Architectural firms use them to display, for example, proposed buildings and landscapes, while engineers use models as designs for new devices, vehicles and structures.
Does the application of artificial intelligence 3D drawings need time?
3D models usually take some time to produce – from a few hours to a few days. Artificial intelligence like Point-E could change that if the kinks are worked out one day, and OpenAI makes a respectable profit doing so.

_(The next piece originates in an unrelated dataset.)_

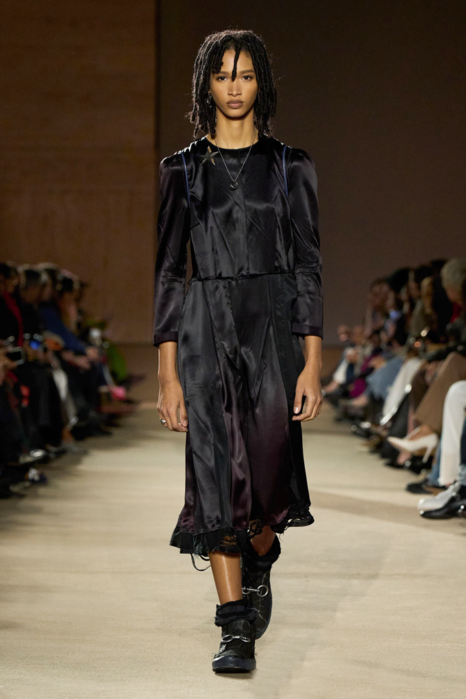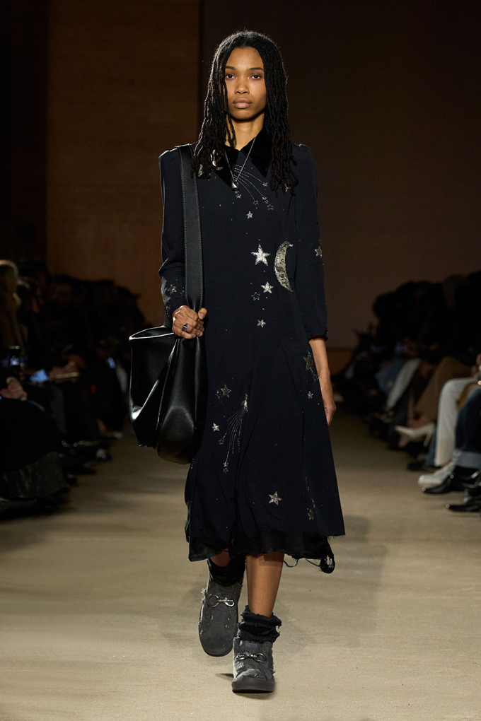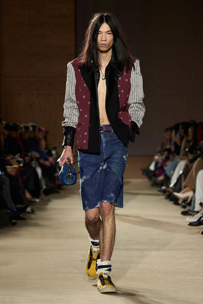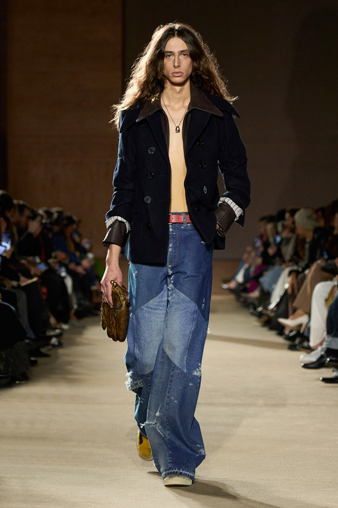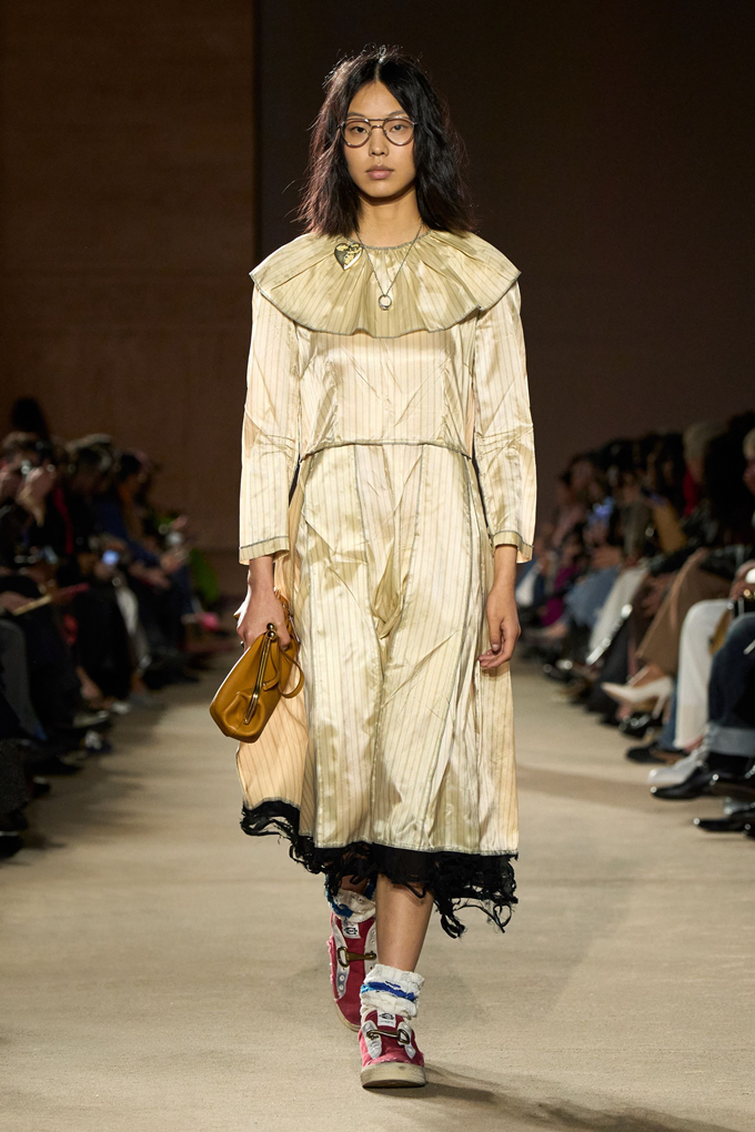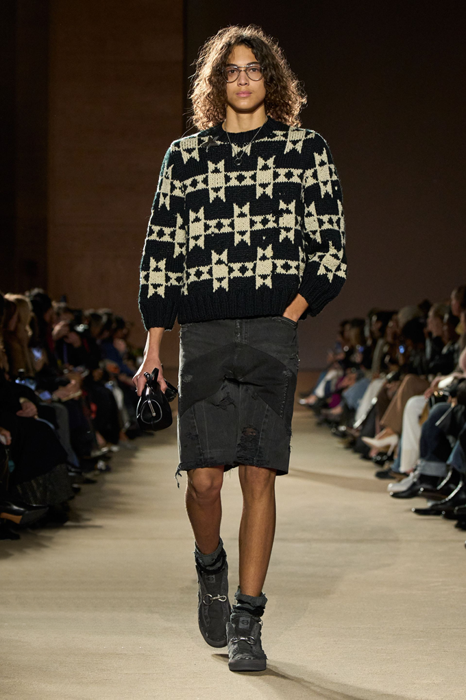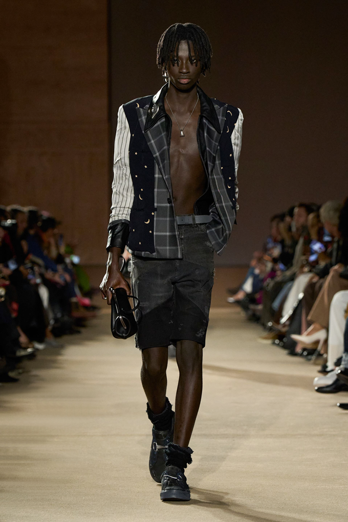 체크무늬 블레이저 안에 가죽 재킷을 레이어드한 스타일를 비롯해 미스 걸치(Miss Gulch)를 연상시키는 찢어진 레이스 밑단의 프레리 드레스, 무릎 길이 버뮤다 데님 반바지 등이 눈길을 끌었다.

The question is what kind of intellectual property disputes may arise over time. There is a huge market for 3D models.
With several online marketplaces, including CGStudio and CreativeMarket, that allow artists to sell the content they’ve created.
If Point-E can make its way and its models to market, model artists may protest, pointing to evidence that modern generative AI borrows heavily from its training data — existing 3D models, in the case of Point-E.
Like DALL-E 2, Point-E does not credit any of the artists who influenced its generations.
But OpenAI will leave this issue for another day. Neither the Point-E paper nor the GitHub page makes any mention of copyright in the 3D drawing AI application.
This is for researchers that they They expect Point-E to have problems othersuch as biases inherited from training data and a lack of guarantees about which models can be used to create “dangerous things”.
Perhaps that’s why they’re keen to describe Point-E as a “starting point” that they hope will inspire “further work” in the field of text-to-3D synthesis.